Хелен гонится за мной по пятам вверх по лестнице. Мне приходится захлопнуть дверь у нее перед носом, чтобы она не поперлась за мной в уборную.
– Открой, Клэр, – говорит она, поворачивая ручку двери.
Я не отвечаю, писаю, мою руки, поправляю помаду на губах.
– Клэр, – ворчит Хелен, – я сейчас пойду вниз и расскажу твоему другу об абсолютно всех ужасных вещах, которые ты делала в жизни, если ты немедленно не откро… – Я распахиваю дверь, и Хелен вваливается в ванную, чуть не падая.
– Отлично, Клэр Эбшир, – зловеще говорит Хелен. Закрывает дверь. Я сажусь на край ванны, она облокачивается на раковину, нависая надо мной на своих шпильках. – Сознавайся. Что у тебя на самом деле происходит с этим Генри? В смысле, ты там стояла и плела полнейшую чушь. Ты не знакомилась с этим парнем три месяца назад, ты его знала много лет! Зачем такая таинственность?
Я не знаю, что ей сказать. Рассказать Хелен правду? Нет. Почему нет? Насколько я знаю, Хелен видела Генри только один раз, и тогда он не сильно отличался от себя нынешнего. Я люблю Хелен. Она сильная, сумасшедшая, ее трудно надуть. Но я знаю, что она не поверит, скажи я: знаешь, Хелен, он – путешественник во времени. Чтобы поверить в это, нужно увидеть самой.
– Хорошо,– отвечаю я, призываю всю смекалку. – Да, я знаю его давно.
– Насколько давно?
– С шестилетнего возраста.
Глаза у Хелен вылезают как у мультяшного персонажа. Я смеюсь.
– Но почему… как… а сколько вы с ним встречаетесь?
– Не знаю. В смысле, было время, когда мы были на грани этого, но не перешли ее; то есть Генри был очень благородным и не собирался совращать невинного ребенка, поэтому я просто безумно на него злилась…

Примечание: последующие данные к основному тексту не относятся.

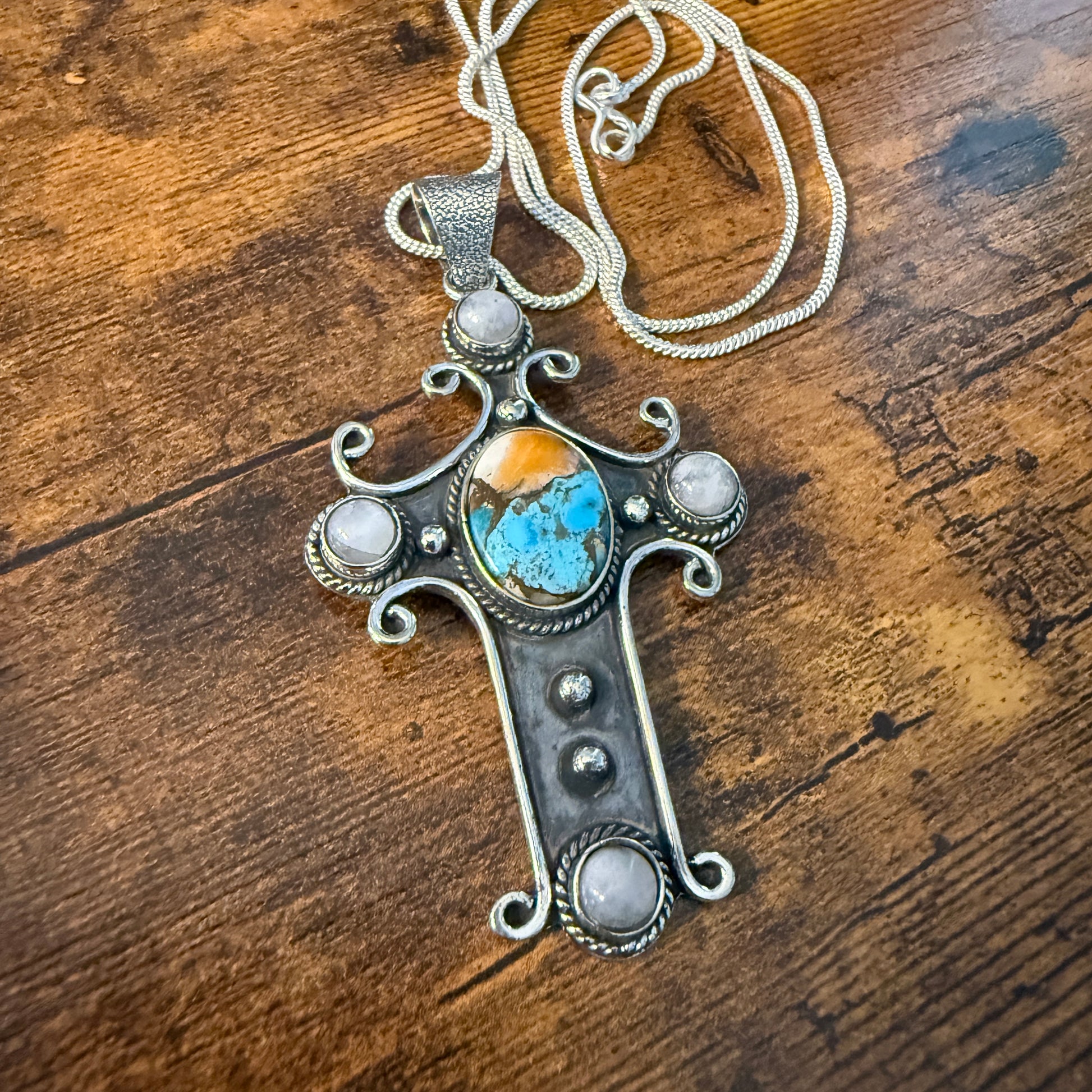 Religion Cross Blue Turquoise Copper Dalhia Oval Natural Stone Rainbow Moonstone Pendant Necklace
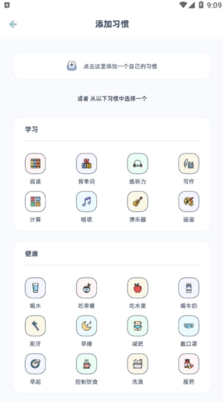 2、用户能够在习惯库内不同类别的习惯里,找到自己感兴趣的习惯并添加。
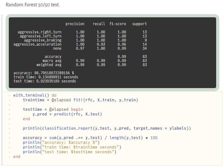 Julia can interface directly with external libraries written in C, C++, and Fortran without glue code. Interface with Python code using PyCall library works so well that you can seamlessly use almost all the benefits of great machine learning Python ecosystem in Julia project as if it were native code! For example, you can write:
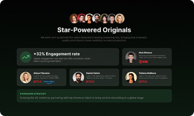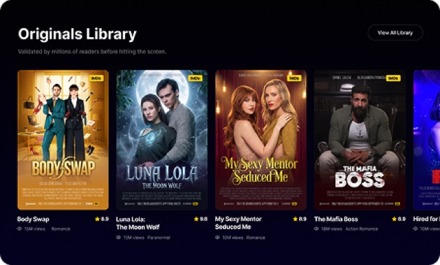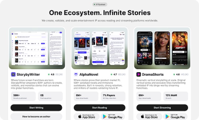 Cinematic vertical streaming with original series and exclusive titles — transforming validated IP into binge-worthy franchises. 6M+ downloads, 15% MoM growth.
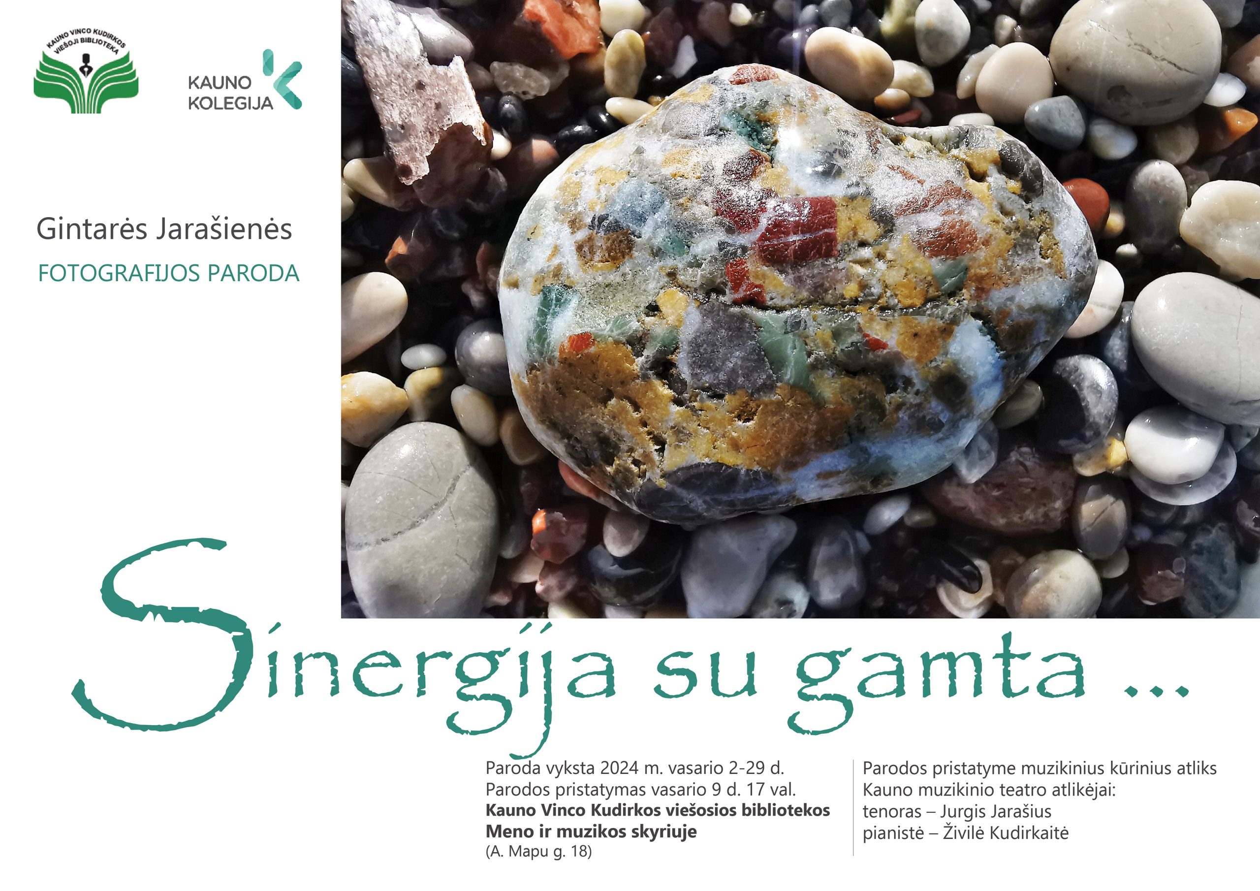 Vasario 9 d. 17 val. Kauno Vinco Kudirkos viešosios bibliotekos Meno ir muzikos skyriuje (A. Mapu g. 18, Kaunas) atidaroma personalinė Kauno kolegijos Menų ir ugdymo fakulteto Menų akademijos Dizaino studijų programos lektorės, dizainerės, meno licenciatės, Lietuvos dizaino asociacijos narės Gintarės Jarašienės fotografijos paroda „Sinergija su gamta…“. Dizainerė ne tik dirba grafinio dizaino srityje, aktyviai rengia personalines parodas, bet dalyvauja ir grupinėse parodose, konkursuose, įvairiuose respublikiniuose ir tarptautiniuose projektuose.
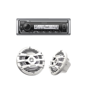 Kit de estéreo Bluetooth KMR-M332BT | más Par de bocinas KFC-1653MRW, perfecto para sistemas de audio en automóviles. Ofrece un rango de frecuencia FM de 87.9 a 107.9 MHz, incluye una pantalla de texto de 1.5 líneas y 255 segmentos, y permite reproducción de música vía Bluetooth. Con una potencia de 50 watts RMS, este kit proporciona conexión con USB y entradas auxiliares.
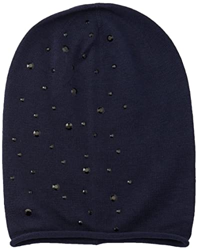 VIVISENCE Dambasker elegant vintermössa, varm och mysig huvudbonad på vintern och hösten, varm, tjock stickad mössa, klassisk mössa för kvinnor, tillverkad i EU, Mörkblå, one size
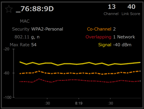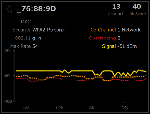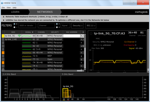 左上のWiFiスキャンペインには飛び交っているWiFiのSSIDとMacアドレス、使用チャンネル、暗号化が表示される。下段の2つのペインには2.4GHz帯と5GHz帯それぞれ競合する電波の強度がチャンネル毎に表示され、現在ログインしているSSIDは強調表示されている(ここではオレンジ)。右上のペインには横時間軸でリアルタイムに現在ログインしているSSIDのシグナル強度とチャンネルを共有するSSIDのシグナル強度が表示される。部屋を移動するとリアルタイムにシグナル強度の変化を見ることが出来る。右上に示されるLink Scoreが高いほど良い。

– Но… почему мы ничего о нем не знали? Не понимаю, зачем такая жуткая секретность. Мне ты могла бы и сказать.
– Ну, ты вроде бы знала. – Это глупо, и я это знаю.
Хелен выглядит уязвленной.
– Это не то же самое, как если бы ты мне сказала.
– Я знаю. Извини.
– Хм. Так в чем дело?
– Ну, он на восемь лет старше меня.
– И что с того?
– Поэтому когда мне было двенадцать, а ему двадцать, это была проблема. – Не говоря уже о том, когда мне было шесть, а ему – сорок.
– Все равно не въезжаю. В смысле, я понимаю, почему ты не хотела, чтобы твои родители знали, что вы играли в Лолиту и Гумберта Гумберта, но не понимаю, почему ты не могла сказать нам. Мы были бы только за. В смысле, мы все это время волновались за тебя, жалели и думали, почему ты такая монашка…— Хелен качает головой. – А ты вот, значит, как: все это время трахалась с этим Марио-Библиотекарем…
Ничего не могу с собой поделать: я ужасно краснею.
– Я не трахалась с ним все время.
– Ой, да ладно тебе.
– Правда! Мы ждали, пока мне исполнится восемнадцать. Это произошло на мой день рождения.
– Ну и что, Клэр… – начала Хелен, но тут в дверь сильно постучали, и низкий мужской голос спросил:
– Что это вы там, девушки, делаете?
– Продолжение следует, – прошипела мне Хелен, когда мы вышли из ванной под аплодисменты парней, стоящих в коридоре в очереди.
Я нахожу Генри на кухне, он терпеливо слушает невероятную футбольную историю одного из невероятно чумовых друзей Хелен. Я замечаю его блондинистую подружку с носом-пуговичкой, она утаскивает его выпить.
– Смотри, Клэр, Младенцы-панки! – говорит Генри.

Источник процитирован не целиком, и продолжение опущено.